Никита невольно вздрогнул, шагнул от мачты и встал у кички[16] — накликал, похоже, на свою голову! Там, за правым бортом, сверкнули сине-черным отливом скалистые громады, потом их вновь затянуло серым вязким мраком. Нет, не затянуло, а тучи наползли на солнце, и окоем сузился вокруг струга на расстояние не более версты.
Хмель разом, словно одним порывом ветра, выдуло из головы, Никита настороженно глядел вперед. Что же готовит ему Господь там, на недалеком уже берегу?
До наступления вечера Никите еще дважды удалось разглядеть приближающийся берег с заснеженными горами, и всякий раз тревога окатывала его с головы до ног словно ледяной водой — что ждет его там?
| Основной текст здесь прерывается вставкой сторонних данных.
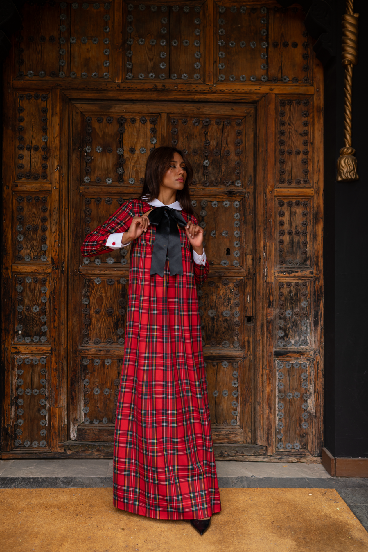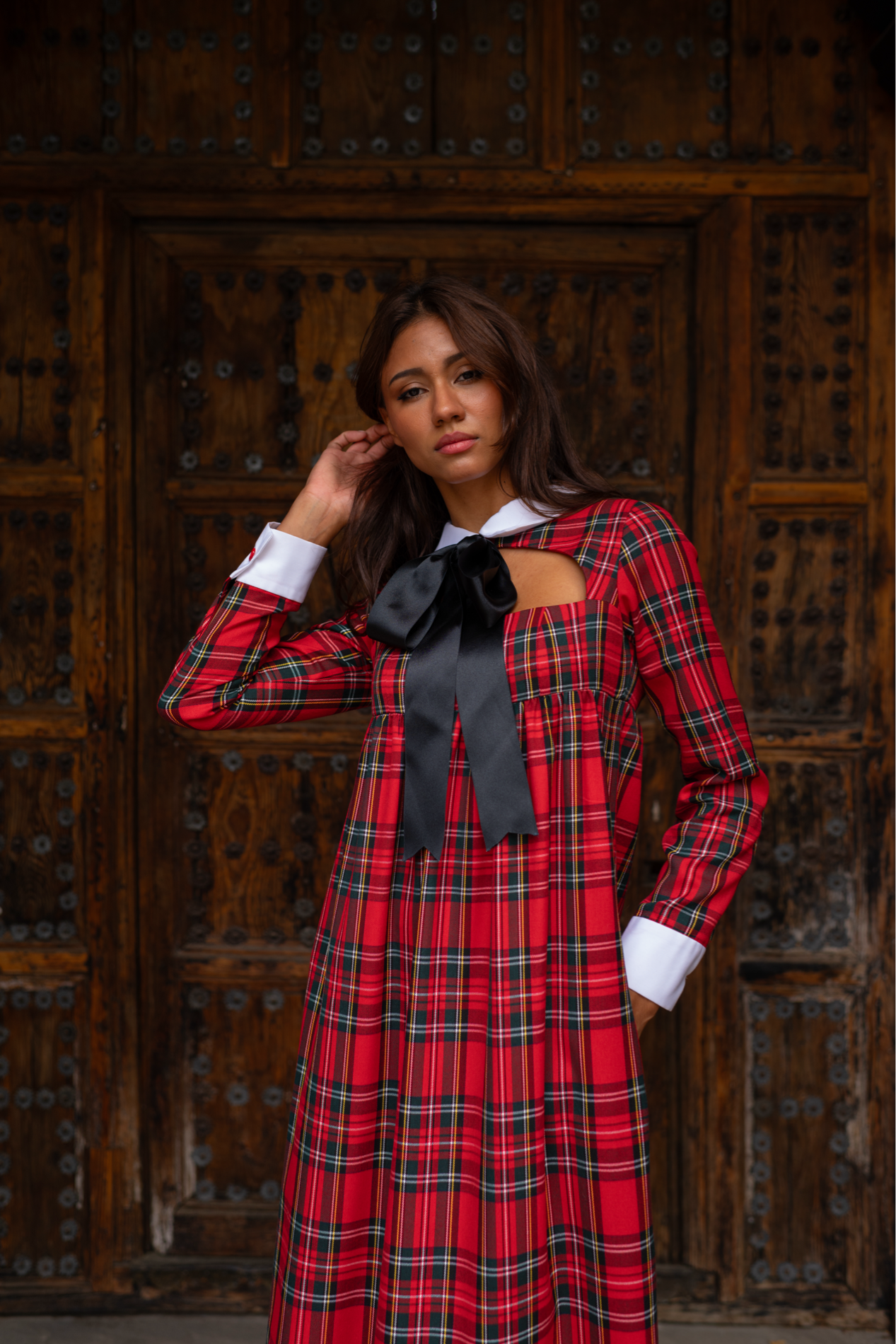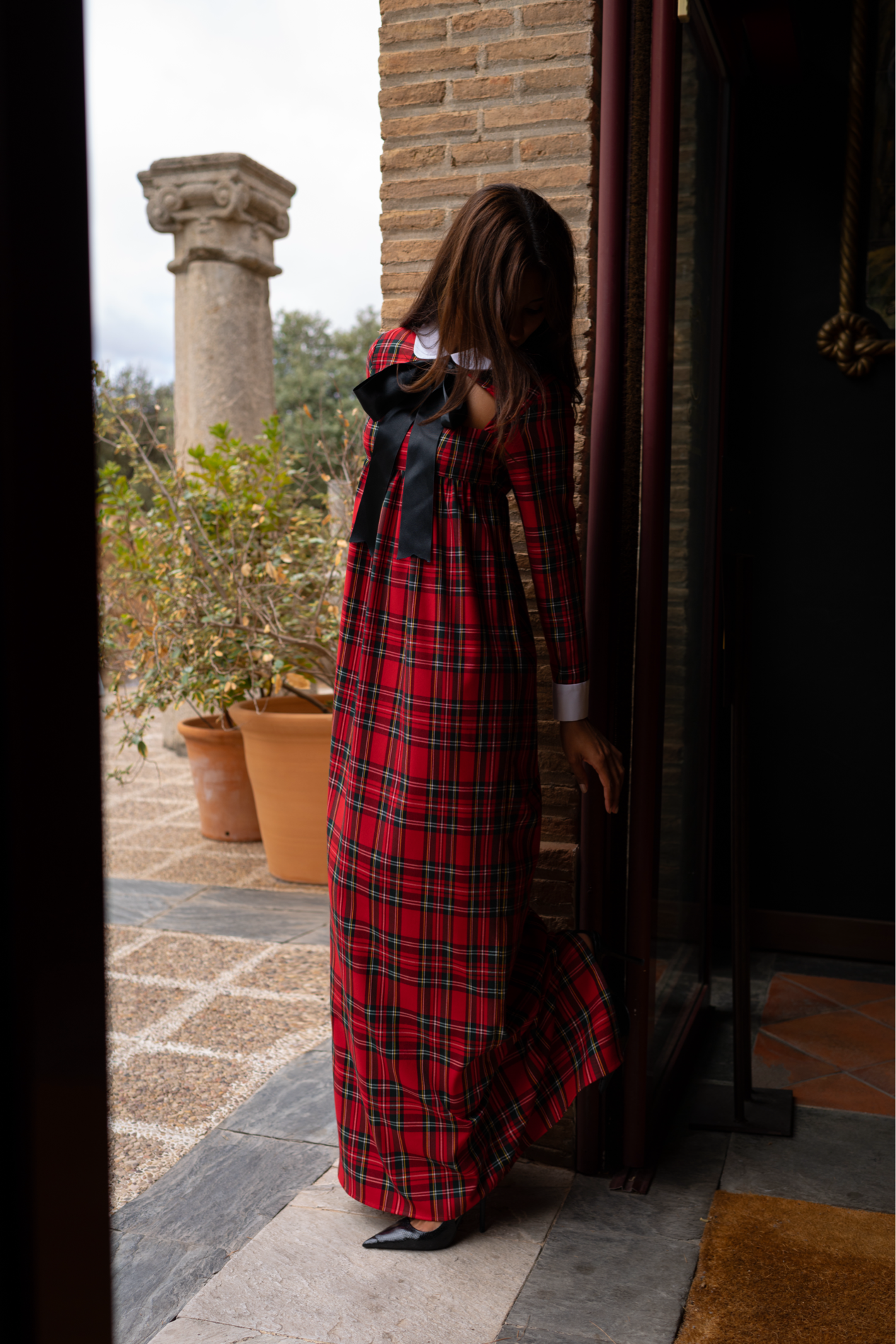Vestido largo y con corte Baby Doll realizado en tartán escoces rojo.
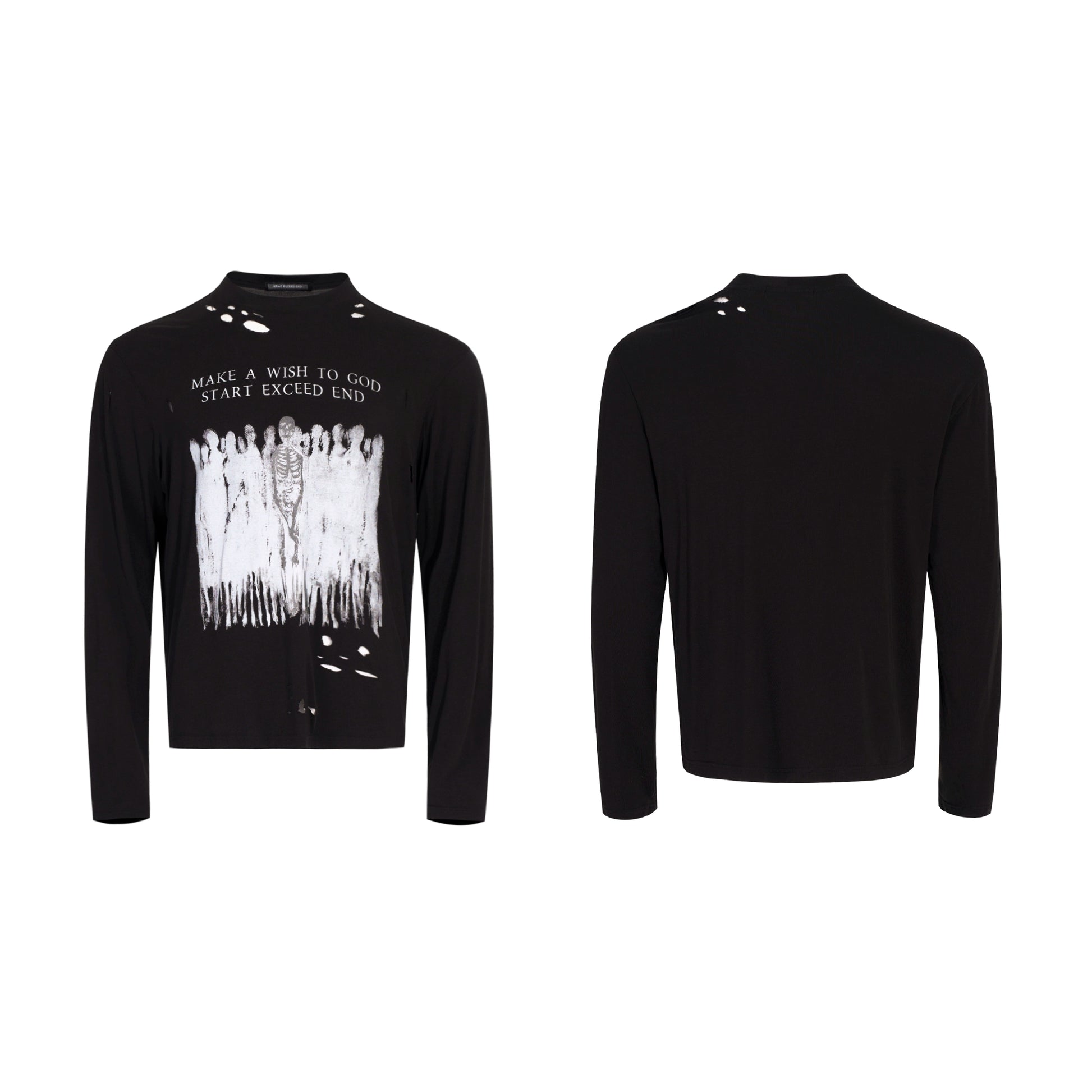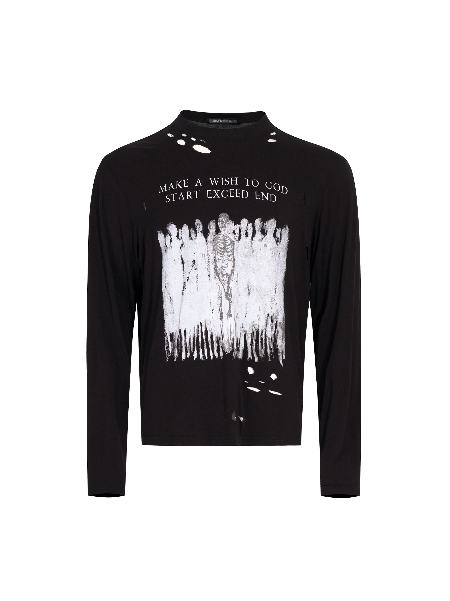 Skull Print Washed Damage Long Sleeve T-Shirt WN21771
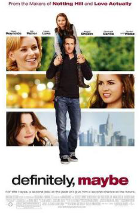 A esta estirpe pertenece Definitivamente, quizás (Definitely, maybe, Adam Brooks, 2008, 112 min.). Un padre soltero, Ryan Reynolds, antes de ser Deadpool, le cuenta a su hija, Abigail Breslin, la pequeña Miss Sunshine, la historia de las mujeres que se han cruzado en su vida (interpretadas por, nada más y nada menos, Rachel Weisz, Isla Fisher y Elizabeth Banks) para revelarle al final, cuál de ellas es su madre. Sí, es cierto, suena un poco a la serie How I met your mother, estrenada en 2005, qué se le va a hacer.
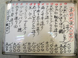 大正駅からヒュッと路地を入ったとこにある。 夜は居酒屋になるようで、外のホワイトボードに魅力的な本日メニューが出されているが、その内容がヘタな海鮮居酒屋顔負けだ。 魚だけでこんだけある!縄のれんをくぐると、愛想のいいおばちゃん二人が迎えてくれる。調理はおっちゃんが担当。 テーブル三つほどとカウンター席だけの小ぢんまりとした店だが、長く続いてきた店独特のゾクゾクするようなオーラが漂っている。 カウンター前にはおかずケースがあり、その中にも外にもいろいろと並んでいる。 壁のメニューを見ると、丼物や麺類など一般的な食堂メニューがリーズナブル料金で揃っている。 がそれより気になるのは、あちこちに貼られている「海鮮丼」「ウニ丼」「イクラ丼」といった海鮮関係の短冊。ここはやはり魚だろう。 いちばん目立つ場所に貼られている「トロ丼700円」を注文した。 するとおばちゃんがカウンター上を示して「野菜ひとつとって~」とおっしゃる。カウンター上には何種類かのおかずを盛り合わせた小皿がいくつも載っていて、この中から好きなのを一つ選ぶ。 選べる「野菜」は茄子煮浸しなどのほか、コロッケ+目玉など全然「野菜」ちゃうやん、これとめしと味噌汁で一食いけるやん級のおかずセットもある。 大きな玉子焼きの「野菜」をもらう。味噌汁と漬物もついてくる。味噌汁にはプリプリのしじみが入っていてこれもお値打ち感あり。 トロ丼にはカイワレの下に生たまごの黄身が潜んでいてユッケになっている。トロ、大量! ワサビ醤油をぶっかけてハガハガ食う。 写真では見えないが漬物もついて700円いやはや、これで700円とは……シャレならん満足感。 夜は居酒屋だが、昼同様に麺類や丼ものもやっている。もちろんトロ丼もあるが、「野菜」と味噌汁はついてないそうだ。 一品ものも安くて品数多し。今度は夜に来よっと。(2016年6月) |
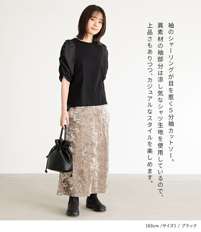 【普段着用】 Tops: M Bottoms: M | 【1】 袖丈:ちょうどひじ位 着丈:ヒップ真ん中位 腕周り:ややゆったり バスト:ジャスト 全体:スッキリ
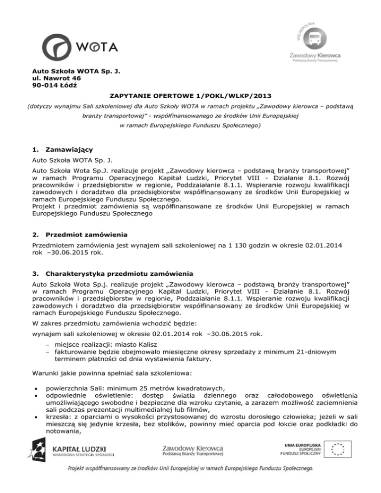 Auto A Szkołła WOTA Sp. S J. ul. u Nawrott 46 90-014 9 Łódź ZAPYTA ANIE OFER RTOWE 1/P POKL/WLK KP/2013 (do otyczy wynaj ajmu Sali szk koleniowej dla d Auto Szko oły WOTA w ramach projjektu „Zawo odowy kierow wca – podsta awą branży transportow wej” - współffinansowaneg go ze środkó ów Unii Euro opejskiej w ramach Europejjskiego Fund duszu Społec cznego) 1. 1 Zamaw wiający Auto A Szkoła a WOTA Sp. J. Auto A Szkoła a Wota Sp.J. realizuje e projekt „Z Zawodowy kierowca – podstawą ą branży tra ansportowe ej” w ramach Programu Operacyjnego Kapiitał Ludzkii, Priorytett VIII - D Działanie 8.1. 8 Rozwó ój pracownikó p siębiorstw w regionie,, Poddzaiałłanie 8.1.1. Wspieran nie rozwoju u kwalifikac cji w i przeds zawodowyc z h i doradzttwo dla prz zedsiębiorsstw współfinansowany y ze środkó ów Unii Europejskiej w ramach r Eurropejskiego o Funduszu Społeczneg go. Projekt P i przedmiot zamówienia z są współffinansowan ne ze środków Unii E Europejskie ej w ramac ch Europejskie E ego Fundusz zu Społecznego 2. 2 Przedm miot zamó ówienia Przedmiotem P m zamówie enia jest wy ynajem salii szkoleniow wej na 1 13 30 godzin w okresie 02.01.2014 rok r –30.06 6.2015 rok. 3. 3 Charak kterystyka a przedmio otu zamów wienia Auto A Szkoła a Wota Sp.j. realizuje projekt „Z Zawodowy kierowca – podstawą ą branży tra ansportowe ej” w ramach Programu Operacyjnego Kapiitał Ludzkii, Priorytett VIII - D Działanie 8.1. 8 Rozwó ój pracownikó p siębiorstw w regionie,, Poddzaiałłanie 8.1.1. Wspieran nie rozwoju u kwalifikac cji w i przeds zawodowyc z h i doradzttwo dla prz zedsiębiorsstw współfinansowany y ze środkó ów Unii Europejskiej w ramach r Eurropejskiego o Funduszu Społeczneg go. W zakres prrzedmiotu zamówienia z a wchodzić będzie: wynajem w sa ali szkolenio owej w okresie 02.01..2014 rok –30.06.2015 rok. − miejsce realizac cji: miasto Kalisz urowanie bę ędzie obejm mowało mie esięczne ok kresy sprzedaży z min nimum 21-d dniowym − faktu term minem płatn ności od dnia wystawie enia faktury y. Warunki W jak kie powinna a spełniać sala s szkolen niowa: • • • powierz zchnia Sali:: minimum 25 metrów w kwadratowych, oraz całłodobowego oświetlenia odpowiednie ośw wietlenie: dostęp światła dziennego d wiającego swobodne s i bezpieczne e dla wzrok ku czytanie, a zarazem m możliwoś ść zaciemnienia umożliw sali pod dczas preze entacji multtimedialnej lub filmów w, krzesła: z oparcia ami o wyso okości przysstosowanejj do wzrosttu dorosłeg go człowiek ka; jeżeli w sali zą się jedy ynie krzesła a, bez stolik ków, powin nny mieć oparcia pod łokcie oraz podkładk ki do mieszcz notowa ania, • • • do dysp pozycji stołły/stoliki dla a 15 osób, łatwy d dostęp do źródła prądu u ( gniazdk ka + przedłu użacz), ekran lub przyna ajmmniej je edna biała ściana (lu ub bardzo jasna) pio onowa, na której mo ożna etlać obraz z rzutnika, rzutnik, wyświe miejsce e na caterin ng (kawa, herbata, h wo oda, ciastka a), dostęp do toalety,, możliwo ość swobod dnego wietrrzenia sali, ogrzew wanie sali, głość od źró ódeł hałasu u lub wycisz zenie sali, odpowiednia odleg nione waru unki dyskre ecji (sala zzamknięta, bez możliwości prze echodzenia przez nią ą lub zapewn przebyw wania osób b nie biorących udziału u w szkolen niu), miejsce e na przech howywanie odzieży wie erzchniej i//lub bagażu u, dostępn ność miejsc c parkingow wych dla tre enerów, ob bsługi szkole eniowej ora az uczestników szkole eń. • • • • • • • • Nie N dopuszc cza się podnajmu sali szkoleniow wej. Zamawiając Z cy zastrzega sobie pra awo do niezzrealizowan nia w całośc ci przedmio otu zamówienia. Kody K Wspóllnego Słownika Zamów wień (CPV)) 70220000-9 7 9 Usługi wy ynajmu lub leasingu n ieruchomości innych niż n mieszka alne 4. 4 Zasady y składania oferty: − ofertty należy sk kładać zgod dnie ze wzo orem formu ularza ofertty, stanowią ącym załąc cznik nr 1 do ninie ejszego zap pytania wraz z załączn nikiem nr 2 i 3 dołączo onym do za apytania ofe ertowego; − do ofert należy dołączyć zaświadczen z nie z ZUS i US (nie sta arsze niż 2 miesiące);; − porządzić w języku po olskim, w fo ormie pisem mnej, na m aszynie, ko omputerze, oferttę należy sp nieśc cieralnym atramentem a m lub długo opisem; − ofertta winna by yć podpisan na przez ossobę upowa ażnioną do reprezento wania ofere enta; Ofertę można: cznej w forrmie skanu podpisane ego przez o osobę upow ważnioną do d przesłać w wersji elektronic entowania oferenta o na a adres maiilowy [email protected] m.pl;lub repreze przesłać pocztą na a adres sied dziby zama awiającego Auto Szkoła WOTA sp p. j, ul. Naw wrot 46, 90 0ódź (każdorrazowo z dopiskiem d „„Zapytanie ofertowe – wynajem m sali szkoleniowej”) – 014 Łó decyduje data wpłływu oferty y, lub p nr 42 674 27 27, llub przesłać faksem pod osobiście w siedzibie Zamawiają ącego Auto o Szkoła WO OTA sp. j, ul. Nawrott 46, 90-01 14 złożyć o Łódź. − − − − 5. 5 Termin n złożenia oferty: Ofertę O złoży yć należy do dnia 30.1 12.2013r. d do godz. 12 2.00. 6. 6 Proces s oceny ofe erty: − ocen nie podlegać będą tylk ko komplettne formula arze ofertow we, opraco owane na załączniku z n nr 1 i złłożone w te erminie; - Przy wy yborze oferrt Zamawiający będzie e się kierow wał następu ującym krytterium: Krytterium oce eny ofert – cena 100 0% − za na ajkorzystniejszą ofertę uznana zzostanie ofe erta z najniższą ceną; − ocen na zostanie dokonana przez Kom misję, w skła ad w którejj wchodzić będą 2 prz zedstawiciele realizatora Projjektu; − 7. 7 na dokonana przez Komisję ma ccharakter ostateczny. ocen Dodatk kowe inforrmacje Dodatkowyc D ch informa acji udziela Kierown nik projekttu – Magdalena Sta aniaszek pod p nr te el. +48 + 607 5 551 496 lub b adresem e-mail: bi
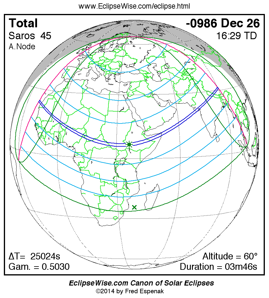 Total Solar Eclipse of -0986 Dec 26 (0987 Dec 26 BCE)
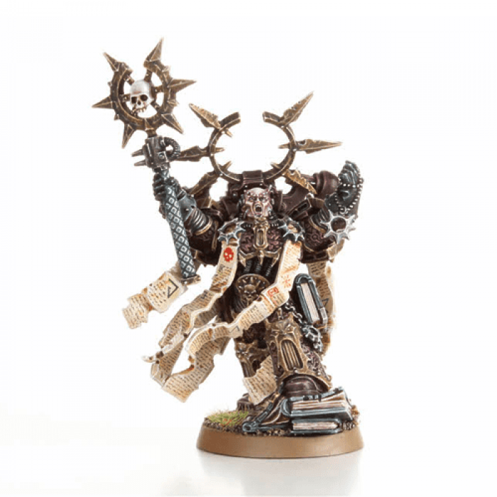 Dark Apostle - Dark Apostles make up the priesthood of the Dark Gods. Just as the Chaplains of the loyalist Space Marines uphold the creeds of their Chapters, the Dark Apostles devote their lives to the propagation of the unholy word, actively spreading the worship of Chaos across the galaxy. The Dark Apostle shows off the incredible detail of our premium Citadel Finecast resin. With one foot atop a pile of books, he raises his defiled crozius arcanum to the sky as trails of parchment, affixed to his armour by 8-pointed stars, swirl to one side.
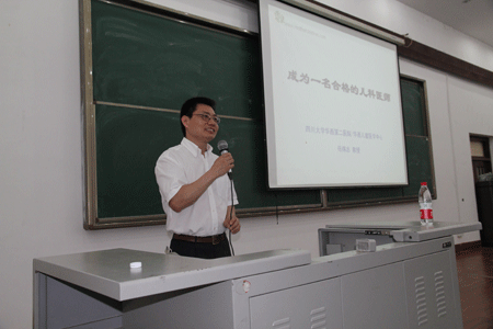 为了扎实推进本科创新人才培养,促进本科生早期接触行业,拓宽学术视野,根据学校及华西临床医学院的通知精神,积极响应“实践及国际课程周”教学活动,四川大学华西第二医院院长、华西儿童医学中心主任母得志教授,应邀于2012年6月28日,在华西校区九教演播厅,作了关于“成为一名合格的儿科医师”的讲座,有近300名师生参加了讲座。
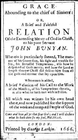 Grace Abounding to the Chief of Sinners, or a Brief Relation of the Exceeding Mercy of God in Christ to his Poor Servant John Bunyan is a Puritan spiritual autobiography written by John Bunyan. It was composed while Bunyan was serving a twelve-year prison sentence in Bedford gaol for preaching without a licence, and was first published in 1666.
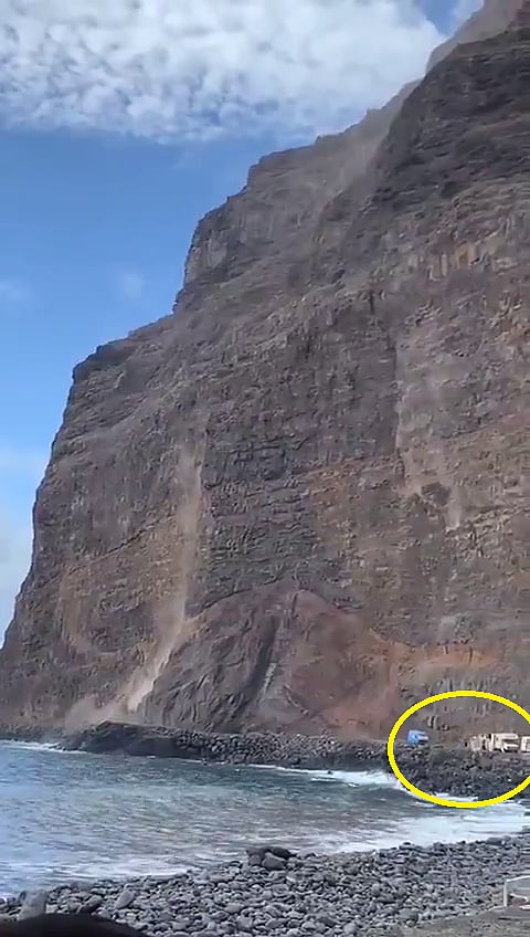 وحسب صحيفة "ميل أون لاين" البريطانية، فُوجئت قافلة سياحية، السبت، بانهيار قطعة من سفح ضخم قُبالة لاغوميرا في جزر الكناري الإسبانية.
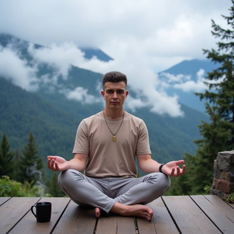 💫ПРОМТ НЕДЕЛИ Нейрофотосессия: A man meditating on a wooden porch in the mountains, wearing soft neutral tones, surrounded by fog, steaming mug beside him, peaceful mind aesthetic Мужчина медитирует на деревянной веранде в горах, одет в одежду мягких нейтральных тонов, вокруг туман, рядом чашка с паром — эстетика спокойного разума Сохраняйте и тестируйте, а ещё лучше присылайте свои результаты в комментариях👇🏻 @shvedkovpro #промтнедели

Что бы ни ждало, решил Никита и кулаком пристукнул о заднюю часть бушприта, а битым псом он к чужой ноге ни за что на свете не приляжет! Лучше от пули или от сабли погибнуть, чем скотское житье в неволе!
Укрепившись так мысленно и осенив себя крестным знамением, Никита, когда уже вовсе стемнело, вошел в каюту ныне спокойно, наверно, спящего на учуге Аники Хомуцкого и прилег на лавку, кинув под себя матрац из камыша, а под голову мягкую куриного пера подушку, которая была спрятана в рундуке пятидесятника. И отдавшись на волю Господа (а что он мог еще сделать один на бурей разрушенном струге?), едва только прилег головой на подушку, как тут же уснул, убаюканный мерным покачиванием и изнурительной борьбой со штормом.